RPA Training for Beginners
RPA Training for Beginners


A major pillar of the Philippine economy is the information technology and business process management sector, generating millions of jobs in contact centers, business process outsourcing, and offshore service delivery. In fact, the Philippines is one of the top business process outsourcing (BPO) countries in the world according to a number of research studies published by consulting firms in recent years. The Information Technology and Business Process Association of the Philippines also provided data on how BPOs and shared service centers have rapidly grown in the National Capital Region and have also reached the other regions.

With a large number of shared services, outsourcing, and other huge multinational companies quickly adopting and exploring RPA, some wary of its supposed “threats.” A usual question arises – will humans be replaced by programs that can automate their jobs?

Rather than spelling disaster for industries that rely heavily on human interventions, RPA advocates a real opportunity. Pilot automation projects can be completed in one to three weeks, depending on the complexity of the process. RPA tools are best used in automating transactional, routine jobs. This means a quicker return on investment and greater flexibility. Software-based bots save people time and effort so they can focus on more productive and relevant tasks.

However, RPA has its limitations, as it is not capable of learning trends and making decisions – at least, not yet.

Despite the fear, many business leaders still turn their attention to how to scale these robotic capabilities across their enterprise. As per the 2018 annual industry survey of the online news source, Shared Services and Outsourcing Network (SSON), around 80% of their respondents from the Philippines confirmed that intelligent automation was either implemented, in testing, or being planned in their businesses.
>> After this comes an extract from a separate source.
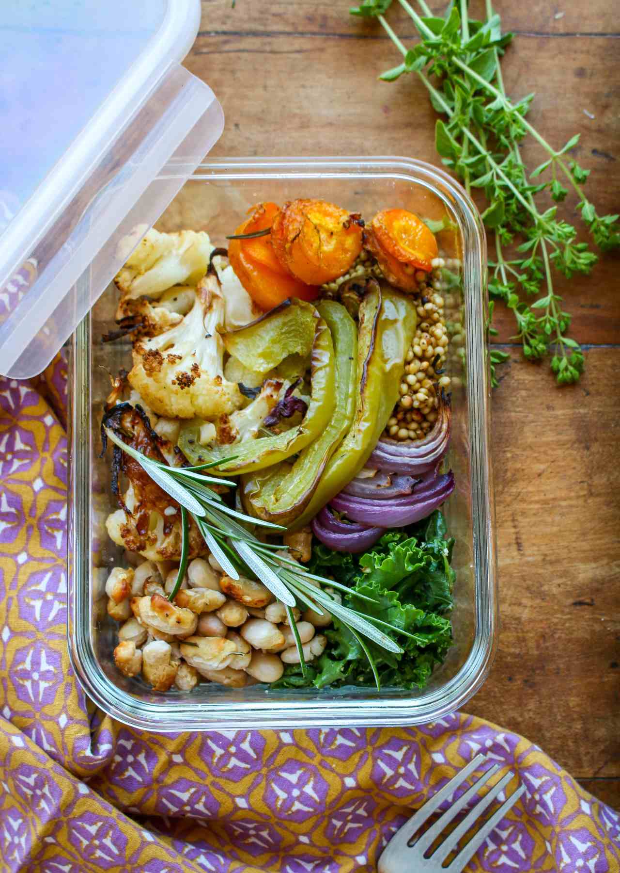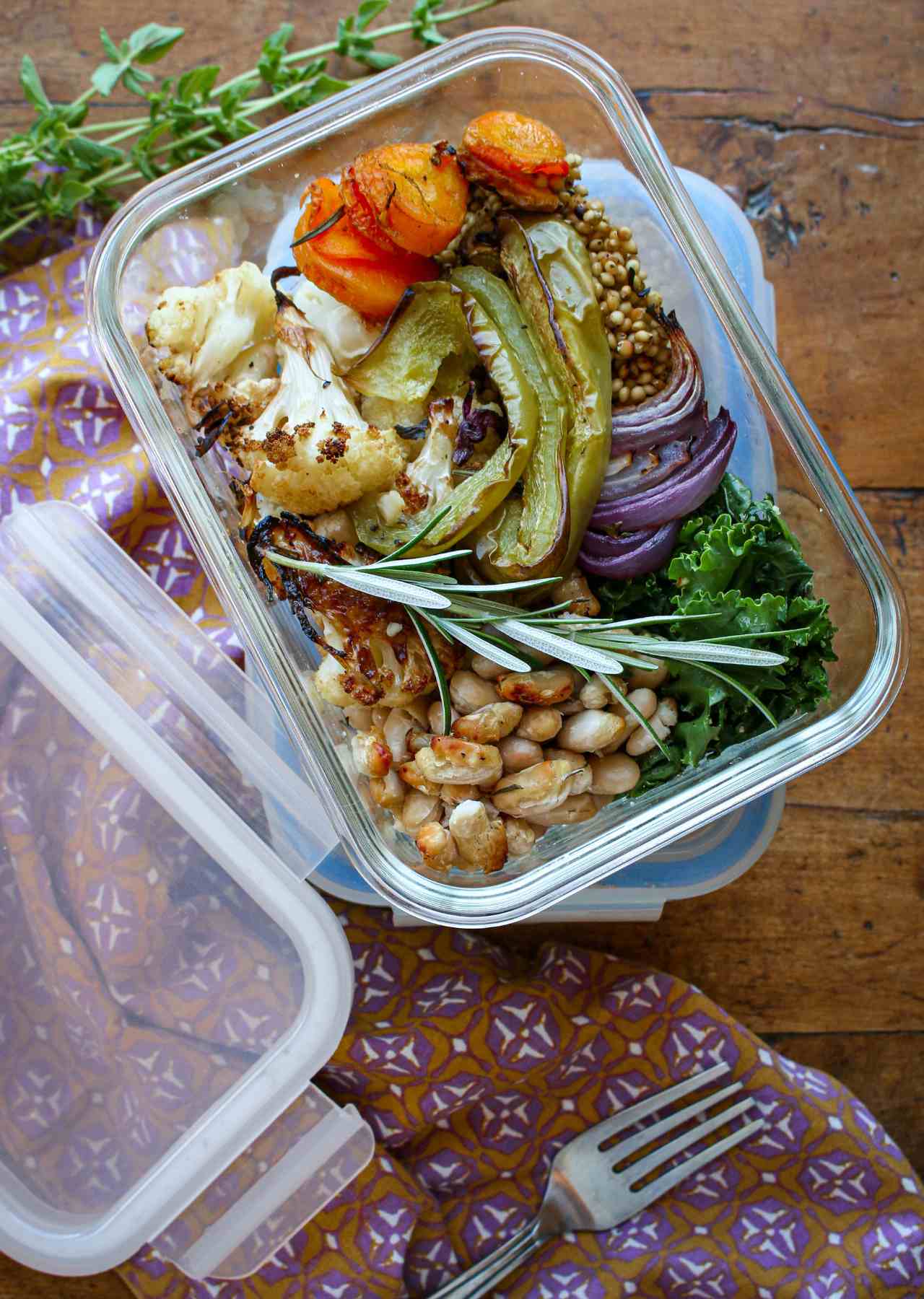 - To meal prep/prepare each salad: In a glass rectangular container, arrange kale, and top with one-fourth of the cooked sorghum and one-fourth of the roasted vegetables and white beans. Garnish with roasted pistachios. Add a lemon wedge. Cover and refrigerate for up to 5 days.

Those pioneers in implementing RPA have learned it the hard way, in most cases through repeated trial-and-error. But the early adoption of companies overseas has signified that RPA can take companies to the next level of productivity optimization. For local firms seeking to upscale operations or at the early RPA stages can capitalize on the plenty of RPA education guidelines and use cases available. Now is the right time to consider what this automation technology can do to help streamline their business for growth, prepare for an even more competitive marketplace, and get ready for the robotic revolution.